(Extracted information begins)

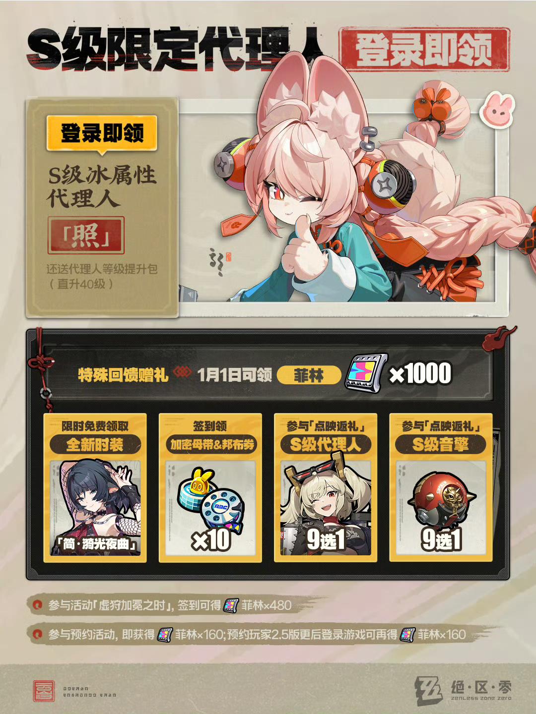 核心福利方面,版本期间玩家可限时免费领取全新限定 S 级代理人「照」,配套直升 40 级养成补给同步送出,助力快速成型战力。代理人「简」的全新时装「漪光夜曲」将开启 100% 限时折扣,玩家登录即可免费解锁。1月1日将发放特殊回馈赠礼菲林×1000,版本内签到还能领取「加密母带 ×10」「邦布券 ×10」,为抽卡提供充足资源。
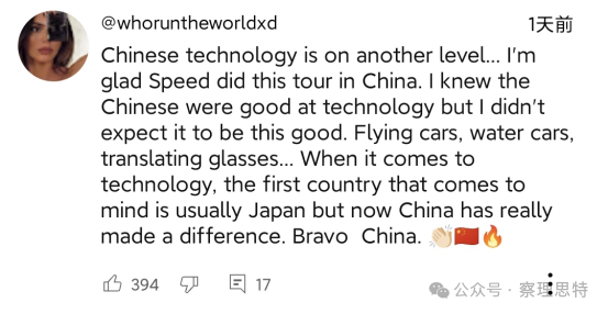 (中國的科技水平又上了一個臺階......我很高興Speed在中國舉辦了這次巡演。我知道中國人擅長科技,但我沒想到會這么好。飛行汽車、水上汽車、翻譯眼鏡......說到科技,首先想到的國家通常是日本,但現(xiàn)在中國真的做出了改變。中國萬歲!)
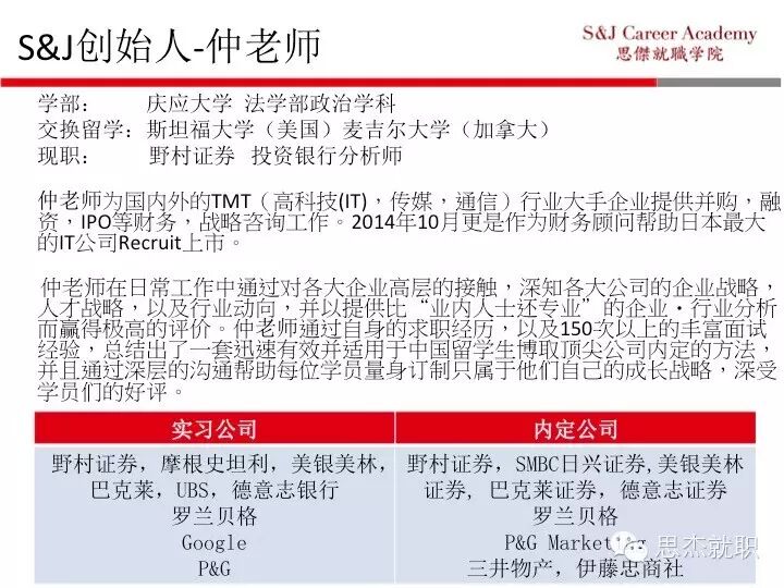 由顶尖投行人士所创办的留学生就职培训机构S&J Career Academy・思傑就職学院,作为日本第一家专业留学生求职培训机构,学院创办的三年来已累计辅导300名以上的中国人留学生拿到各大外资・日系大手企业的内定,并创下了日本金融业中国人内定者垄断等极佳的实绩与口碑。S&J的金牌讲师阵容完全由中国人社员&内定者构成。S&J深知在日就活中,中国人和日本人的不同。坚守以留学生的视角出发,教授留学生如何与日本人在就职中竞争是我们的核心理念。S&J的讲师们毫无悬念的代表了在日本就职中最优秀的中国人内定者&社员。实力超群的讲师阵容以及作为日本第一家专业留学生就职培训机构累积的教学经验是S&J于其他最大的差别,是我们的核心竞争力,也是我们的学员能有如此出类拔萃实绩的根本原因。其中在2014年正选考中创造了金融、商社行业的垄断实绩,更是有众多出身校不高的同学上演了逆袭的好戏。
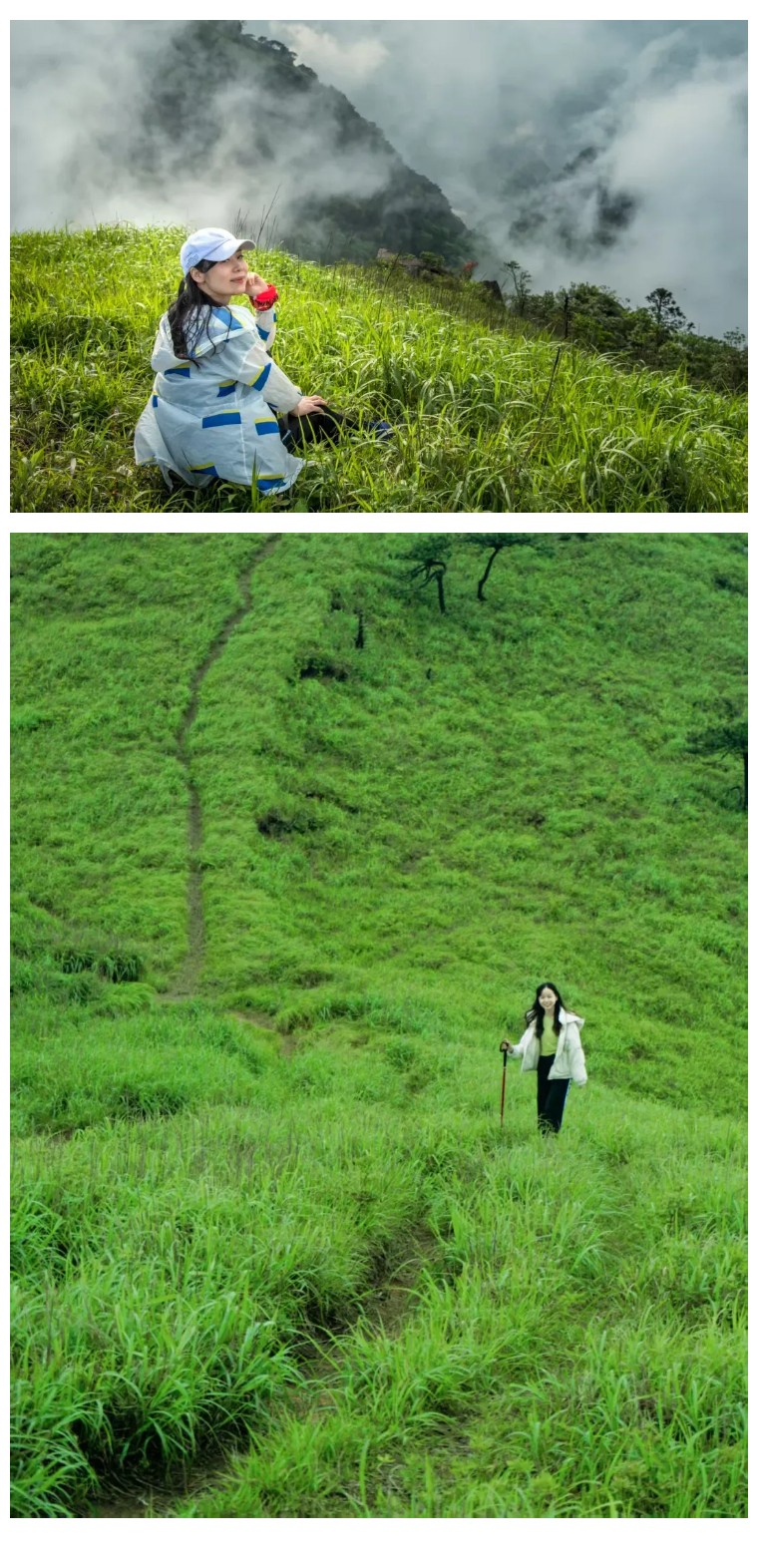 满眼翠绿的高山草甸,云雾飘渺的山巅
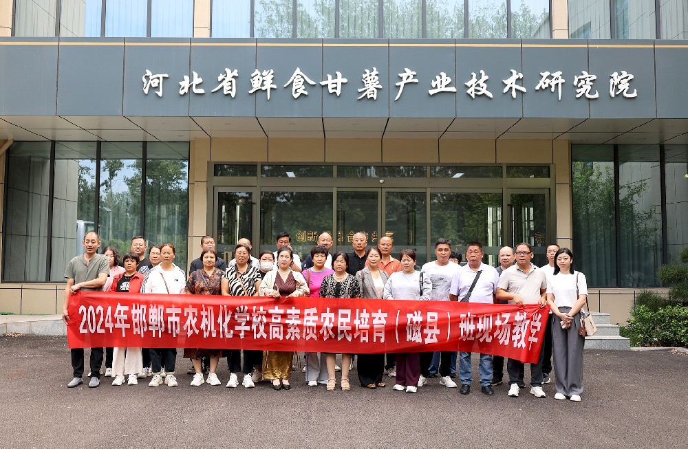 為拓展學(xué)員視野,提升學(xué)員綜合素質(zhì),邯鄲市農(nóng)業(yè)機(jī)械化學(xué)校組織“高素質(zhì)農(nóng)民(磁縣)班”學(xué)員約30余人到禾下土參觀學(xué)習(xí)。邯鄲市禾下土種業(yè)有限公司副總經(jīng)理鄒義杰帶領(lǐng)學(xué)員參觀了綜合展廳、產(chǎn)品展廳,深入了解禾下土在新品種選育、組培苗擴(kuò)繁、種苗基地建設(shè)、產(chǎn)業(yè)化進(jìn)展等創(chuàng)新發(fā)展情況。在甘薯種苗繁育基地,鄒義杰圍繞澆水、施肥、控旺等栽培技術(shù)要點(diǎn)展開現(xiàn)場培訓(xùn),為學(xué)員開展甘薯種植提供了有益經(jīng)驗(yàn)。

(Extracted information ends)
(Extracted information begins)

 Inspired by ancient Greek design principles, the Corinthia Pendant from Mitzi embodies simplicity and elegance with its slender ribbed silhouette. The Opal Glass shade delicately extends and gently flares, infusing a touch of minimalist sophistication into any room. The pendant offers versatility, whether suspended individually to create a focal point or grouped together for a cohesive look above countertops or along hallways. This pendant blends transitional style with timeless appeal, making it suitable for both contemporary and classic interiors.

(Extracted information ends)

Exercise details. Excluding any pictures, print exactly the lines of the listing above from the line with "核心福利方面,版本期间玩家可限时免费领取全新限定 S 级代理人「照」,配套直升" to the line with "(中國的科技水平又上了一個臺", both ends included.

Completed task.
 核心福利方面,版本期间玩家可限时免费领取全新限定 S 级代理人「照」,配套直升 40 级养成补给同步送出,助力快速成型战力。代理人「简」的全新时装「漪光夜曲」将开启 100% 限时折扣,玩家登录即可免费解锁。1月1日将发放特殊回馈赠礼菲林×1000,版本内签到还能领取「加密母带 ×10」「邦布券 ×10」,为抽卡提供充足资源。
 (中國的科技水平又上了一個臺階......我很高興Speed在中國舉辦了這次巡演。我知道中國人擅長科技,但我沒想到會這么好。飛行汽車、水上汽車、翻譯眼鏡......說到科技,首先想到的國家通常是日本,但現(xiàn)在中國真的做出了改變。中國萬歲!)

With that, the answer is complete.